Print exactly, and only, the lines from the one containing "હાલોલમાં મેઘરાજાનો ધમાકેદાર" through the last line of the records below, both included; leave out the pictures.

(Dataset entries)

______________________________

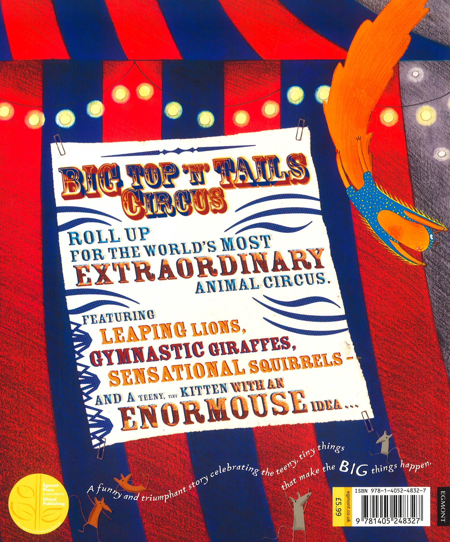 Long, long ago there lived a kitten. He was tiny. But he had big ideas...When the kitten drops in to a caravan filled with circus squirrels, they do their very best to build him into their act. But the kitten can't quite get the hand of it...However, his big ideas soon become ENORMOUSE, and the kitten - with help from a few mice - conjures up an amazing spectacle that will wow audiences around the world. This is an uplifting tale about the teeny, tiny things the big things are made of - perfect for young readers everywhere. Don't miss it!
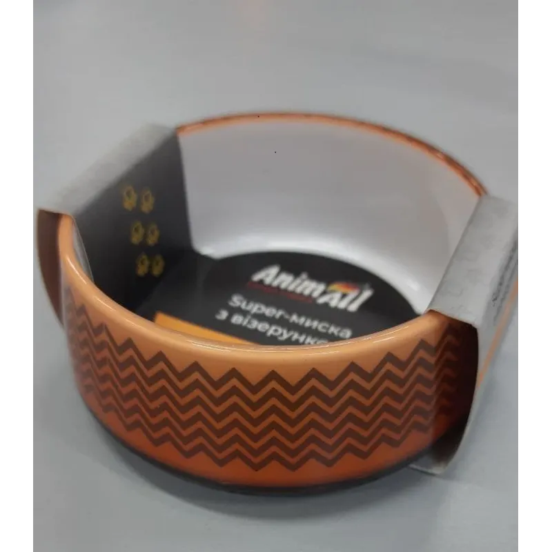 AnimAll Super миска для тварин, пластикова з візерунком, 300 мл, помаранчева
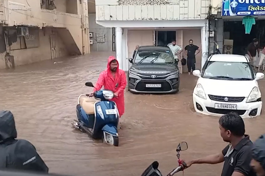 હાલોલમાં મેઘરાજાનો ધમાકેદાર વરસાદ: 2 કલાકમાં 7 ઈંચ, રસ્તા નદીમા ફેરવાયા
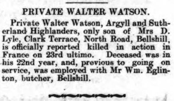Private Walter Watson, Argyll and Sutherland Highlanders, only son of Mrs D. Lyle, Clark Terrace, North Road, Bellshill, is officially reported killed in action in France on 23rd ultimo. Deceased was
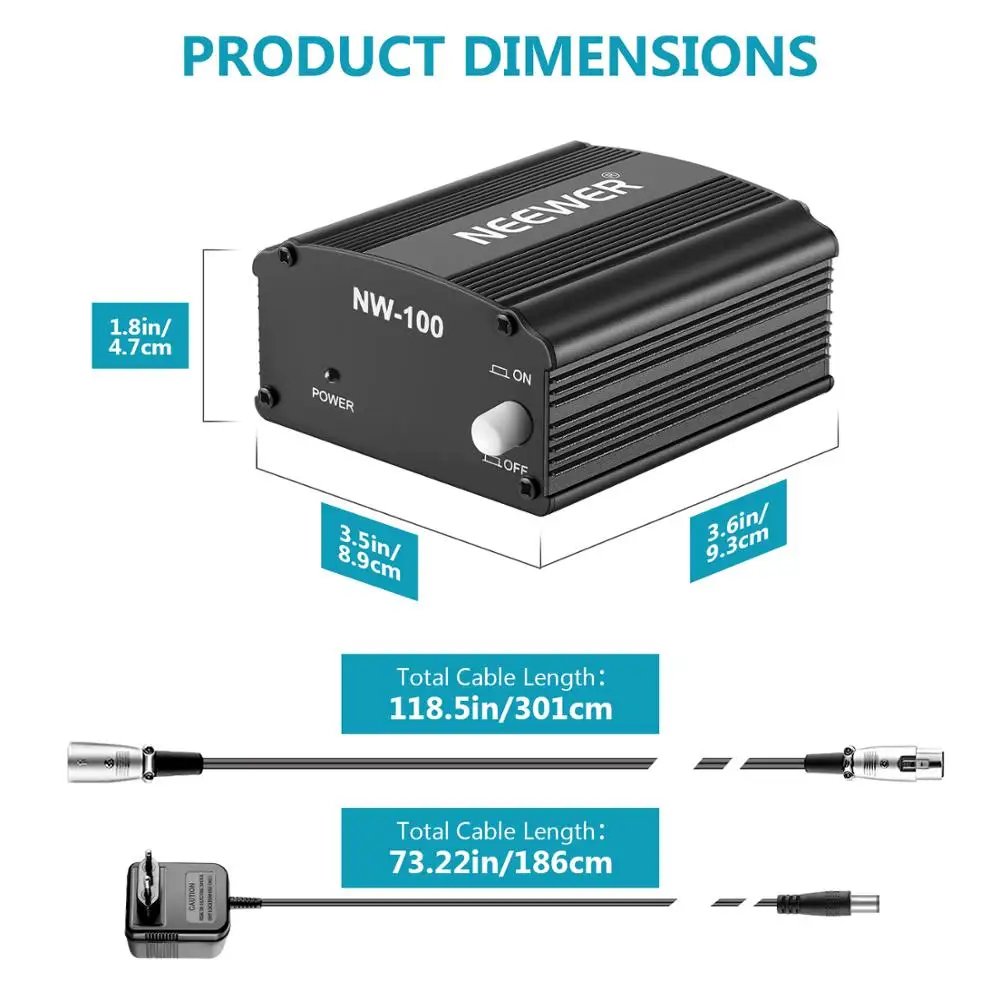 Neewer 1-канальный источник фантомного питания 48 В + USB-кабель, X...

______________________________

#### RESULT FOR THIS TASK:
 હાલોલમાં મેઘરાજાનો ધમાકેદાર વરસાદ: 2 કલાકમાં 7 ઈંચ, રસ્તા નદીમા ફેરવાયા
Private Walter Watson, Argyll and Sutherland Highlanders, only son of Mrs D. Lyle, Clark Terrace, North Road, Bellshill, is officially reported killed in action in France on 23rd ultimo. Deceased was
 Neewer 1-канальный источник фантомного питания 48 В + USB-кабель, X...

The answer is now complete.